Cecily slowed her steps and dropped her voice. ‘There were many suggested. I don’t even know them all. And finally, there was a Gascon noble she wanted to marry.’
‘She chose her own husband?’
She nodded.
He looked back up the stairs. Enguerrand and the Lady Isabella were no longer in sight. ‘I did not know she was a widow.’ That could change many things. A woman who had already known a man’s touch...
‘She isn’t. The king consented and all the arrangements were made, but when she went to board the ships, she...could not.’
‘She refused?’ He could not comprehend such a thing. The court of le roi Anglais was truly a strange place. ‘The king allowed that?’
‘The man had been her choice. So her father allowed her to change her mind.’ A rueful smile touched her lips. ‘The Lady Isabella is accustomed to getting her way in all things. No one tells her no.’
‘Not even the king?’ He knew little of women, but in his experience, they did as they were told. Perhaps les femmes Anglaise were different.
She shook her head. ‘She has a loving father and mother. They have given her everything she needed. Or wanted.’ Her words were wistful.
‘So she has everything she desires.’
Cecily shrugged.
‘And you, Countess? Did your parents give you everything you desired?’
She nodded, her smile quick but sad. ‘Until they died.’
He should not have reminded her of her loss, yet he felt a moment’s regret. He had lost his family years ago. Had he loved them? He could not remember.

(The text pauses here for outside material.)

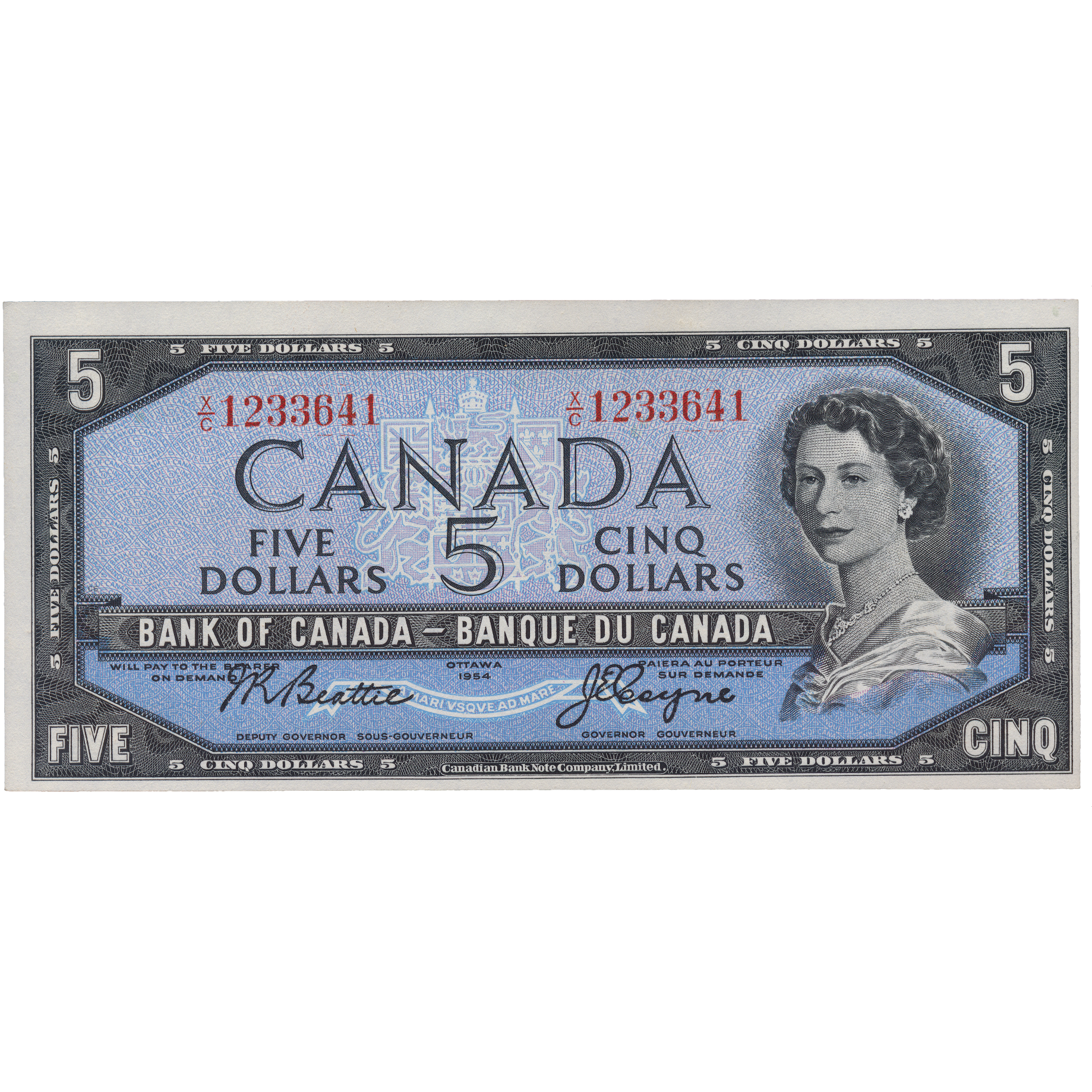 CANADA P.77a 1954 modified design $5 Beattie, Coyne UNC

‘Yet you have not wed either.’ Suddenly, he wanted to know why.
‘Only because the king has not yet selected my husband. I expect the man to be named by the end of the Christmas season.’
I hold the title, she had said, the first night they met. She, and her title, would be a prize for some nobleman. One far above a humble chevalier. He wondered, with a thought he refused to call jealousy, who the man would be.
‘So now,’ Lady Cecily said, in a tone that he now thought of as her ‘countess voice’, ‘I’ve told you about Lady Isabella. What is your plan?’
He must convince this woman he was doing something. ‘She sounds wilful and capricious.’ And thus, perhaps more dangerous than de Coucy had suspected. ‘Perhaps knowing that will cool his ardour.’
‘You shall not disparage her! Would you have me tell the princess vile tales about Lord de Coucy?’
‘You would find none. He is admired even by his enemies.’
‘The Lady Isabella has no enemies!’ As if there were nothing more to say. ‘She is the daughter of the king.’
‘If you will not let me speak ill of her, how am I to dampen his ardour?’
They had reached the top of the stairs and, ahead, saw Enguerrand enter a room. The princess followed.